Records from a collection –
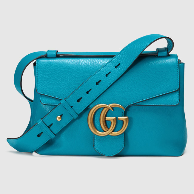 The GG Marmont unstructured handbag with our double G closure. The strap can be adjusted to be worn as a shoulder or top handle.
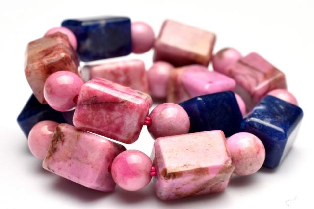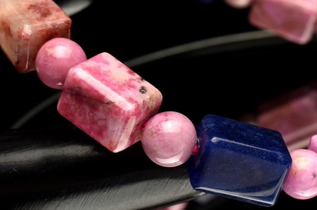 | 材質 | コバルトドロマイト(コバルトカルサイト)&ソーダライト 9-10x6.5(丸玉6)mm 産地:コンゴ共和国他 |
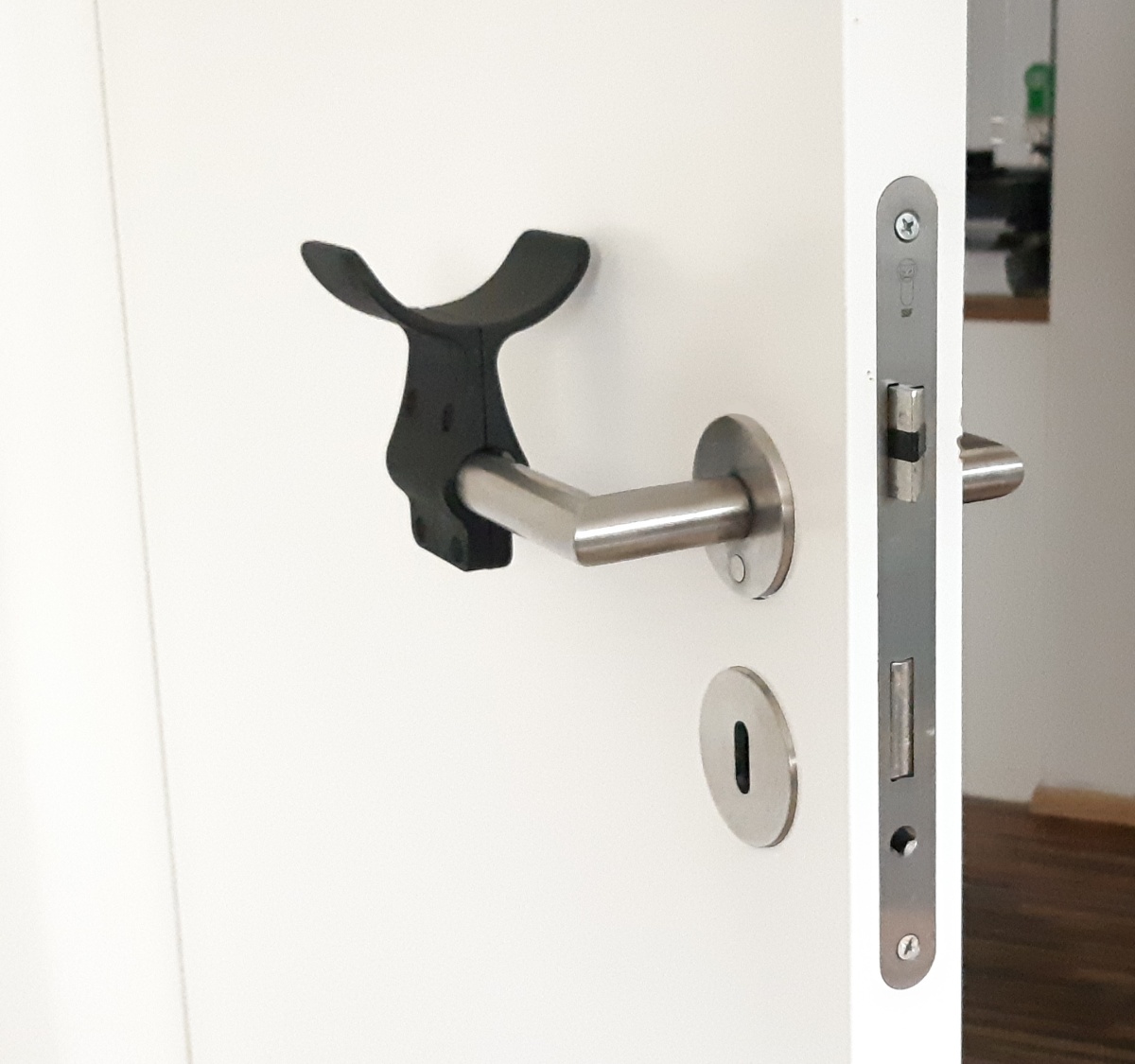Nástavec je vhodný pro použití do veřejných prostor, kde existují vyšší nároky na hygienu dveří. Otevírání pomocí lokte výrazně snižuje riziko přenosu virů a bakterií na ploše dveřních klik.
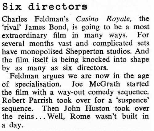 This is the first of a new series on Casino Royale. The series is really just an excuse to post images from a February 1967 Playboy pictorial which featured photos taken on the set of the film (some depicting scenes that didn’t appear in the finished film) and nearly all of the film’s actresses in various stages of undress. It should be pretty groovy so stay tuned.
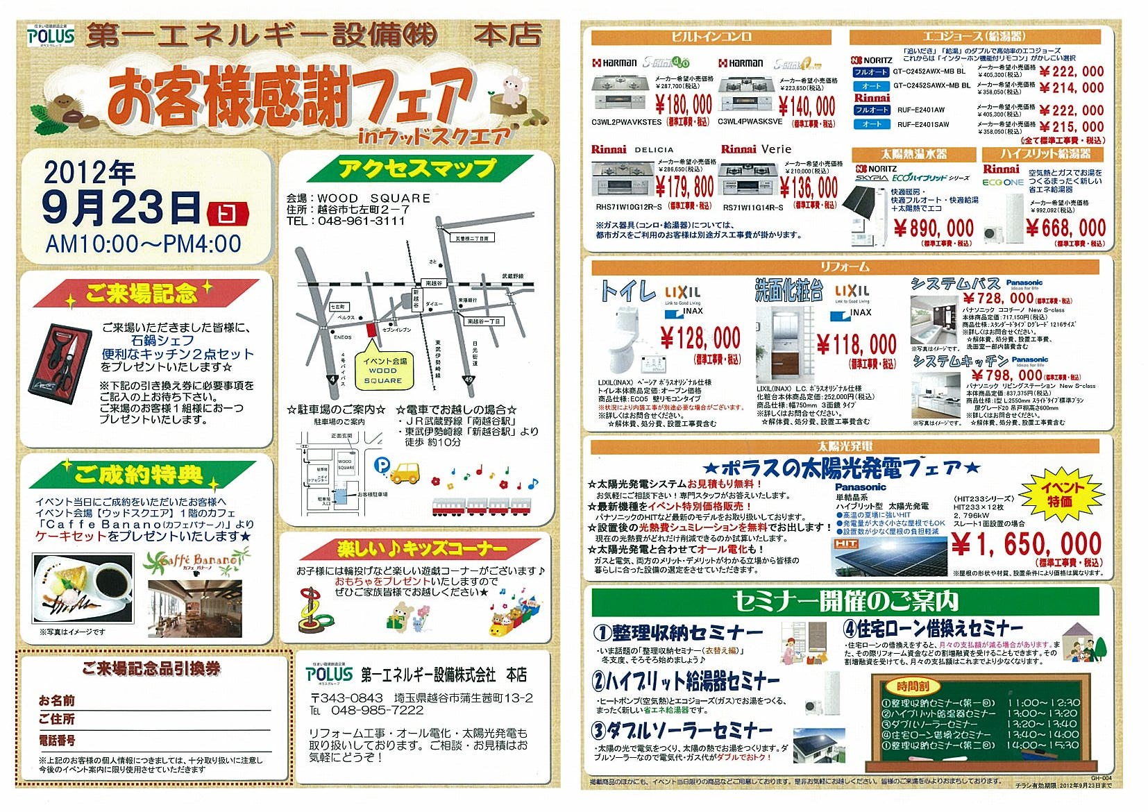 日頃より、第一エネルギー設備にご協力賜りましてありがとうございます。 お得な商品、納得情報がいっぱい。 どうぞお誘いあわせのうえ、ご来場ください。お待ちしております。 日時:平成24年9月23(日) 10:00~16:00 場所:ウッドスクエア 特設会場 内容: 1)ガス機器展示&特価販売 2)リフォーム商品特価販売(トイレ、洗面化粧台、システムバス、システムキッチン) 3)太陽光発電特価販売 4)ハイブリット給湯器セミナー(展示販売、セミナー) 5)ダブルソーラーセミナー 6)住宅ローン借換えセミナー 7)整理収納セミナー 8)来場記念品(石鍋シェフ 便利なキッチン2点セット) 9)ご成約特典(「Caffe Banano(カフェ バナーノ)」ケーキセット) |

Task goal – Drop the pictures; return the lines above from the line containing "9-10x6.5(丸玉6)mm 産地:コンゴ共和国他 |" to the line containing "Nástavec je vhodný", both included, exactly.

Exercise answer –
 | 材質 | コバルトドロマイト(コバルトカルサイト)&ソーダライト 9-10x6.5(丸玉6)mm 産地:コンゴ共和国他 |
Nástavec je vhodný pro použití do veřejných prostor, kde existují vyšší nároky na hygienu dveří. Otevírání pomocí lokte výrazně snižuje riziko přenosu virů a bakterií na ploše dveřních klik.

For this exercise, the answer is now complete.